И все срываются, закутываются в шарфы, распаренные, выходят на улицу – а вверх ползет наше дыхание замерзшим на морозе паром. Голова кажется легкой – но это обманчивое ощущение, если бы не Милан справа и Эдуардо слева, кто знает, как шли бы ноги. В клубе – из окна видно пустую в этот час Рингштрассе, только изредка проносятся куда-то остроносые такси – потолок опрокидывается стеклянным полом, морщинистые толстопузые «папики» в дорогих пиджаках заказывают еще по бокалу шампанского малолетним длинноногим беловолосым содержанкам с потертыми лицами.

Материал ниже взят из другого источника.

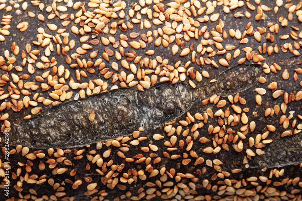 Homemade sourdough whole bread baguette as texture background. Food and culinary.

В танце все забывается – и Межсезонье, и квартира, и равнодушные лица менеджеров. Хотя бы на час вместо этого – мощная волна музыки, с ней сливаешься в огромное пульсирующее бесформенное тело, не замечая ни «папиков», ни содержанок, ни Милана где-то рядом.

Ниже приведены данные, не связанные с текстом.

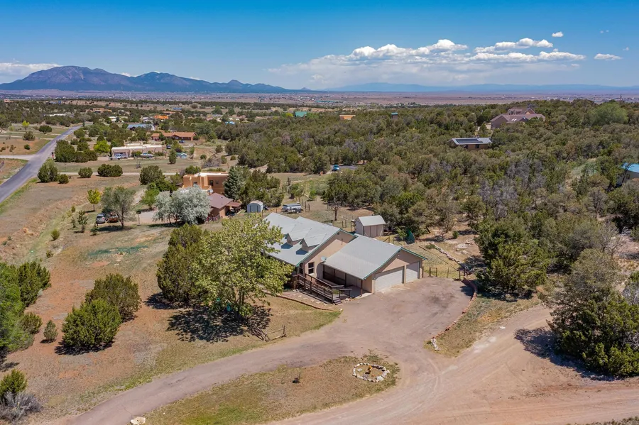 Under Contract Taking Backup Offers! Experience the allure of rural living in this beautiful Northern New Mexico-style home. This spacious property offers ample room for comfortable living, both indoors and outdoors. Step inside to find high ceilings that create a bright and airy atmosphere, complemented by new carpet and fresh paint. Recent updates include modernized bathrooms and resurfaced countertops, adding a fresh touch. The huge downstairs family room provides a perfect space for relaxation and entertainment. Located less than a mile from hiking trails and open space, this home invites you to embrace the natural beauty of the surroundings. Enjoy the convenience of paved roads leading up to the driveway and take advantage of the oversized 3-car perfect for extra storage.
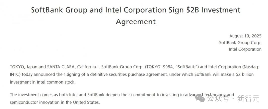 同时,软银集团也与英特尔联合声明显称,软银将向英特尔投资20亿美元,以每股23美元的价格收购英特尔普通股。

В такси он садится со мной на заднее сиденье – мы все набиваемся туда так плотно, будто знакомы не пару месяцев, а годы. Милан что-то говорит – а я просто киваю, потому что думаю о своем. У общежития я наконец слышу его:
– Пошли ко мне.
Он приближает свое лицо к моему, мы секунду зависаем, как в открытом космосе – он нерешительно, я брезгливо, – а потом я отшатываюсь. Всегда где-то, где нужно было сделать шаг, чтобы перешагнуть что-то, я поворачивала обратно – мне просто становилось неинтересно. Бессмысленность и ощущение, что ты не на своем месте, накатывали и накрывали с головой. Мучило ставшее вдруг особенно острым зрение – и видны становились и бесформенные, слившиеся в одну, веснушки на его носу, и черные поры на подбородке, и кустистый, некрасивый излом брови.

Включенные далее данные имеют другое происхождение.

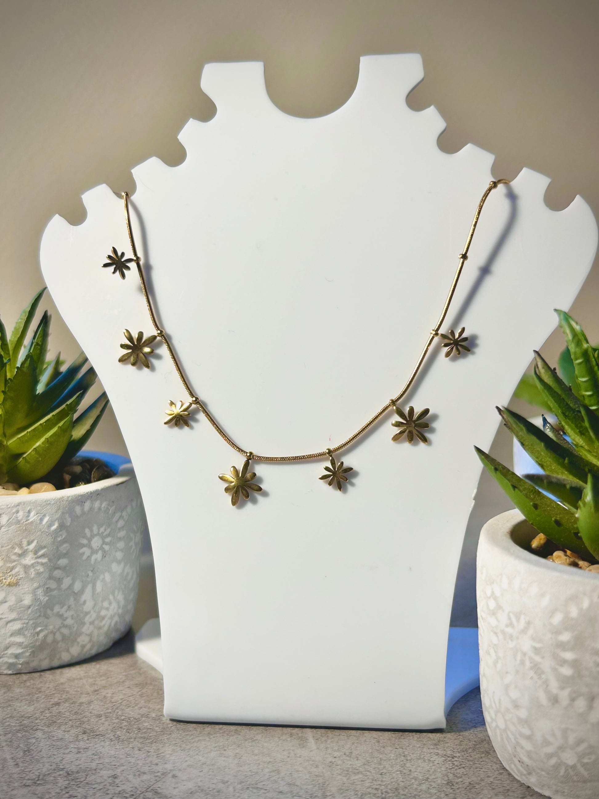 Collier délicat orné de petites fleurs scintillantes qui capturent la lumière avec élégance. Parfait pour ajouter une touche de magie à votre quotidien, ce bijou intemporel se porte facilement en toute occasion. Elles symbolisent l'espoir et les rêves, en faisant un accessoire chargé de sens. À la fois discret et remarquable, il complète harmonieusement n'importe quelle tenue et constitue un cadeau mémorable pour ceux que vous chérissez.

– Мне завтра рано вставать, – словно нашла выход из лабиринта, – сегодня то есть.
И Вена ведет меня нужными переулками домой, прикрывает мне спину, а дом мой – который на плечах – щекочет мехом щеку и пахнет сухой ромашкой.
Андрей появился пошло – в День святого Валентина, да еще и в Интернете. Магазины заполонили аляповатые сердечки, картонные голуби и открытки с готовым текстом – заготовки, трафарет для чувств, любовь и нежность на продажу.
Тут было полупусто – почти все студенты разъехались на каникулы – и казалось, по проводам, змеиными клубками притаившимся на полу, опутавшим ножки столов, струится одиночество. Этот город казался пронзительно-одиноким в своем желании глянцевой любви по заказу.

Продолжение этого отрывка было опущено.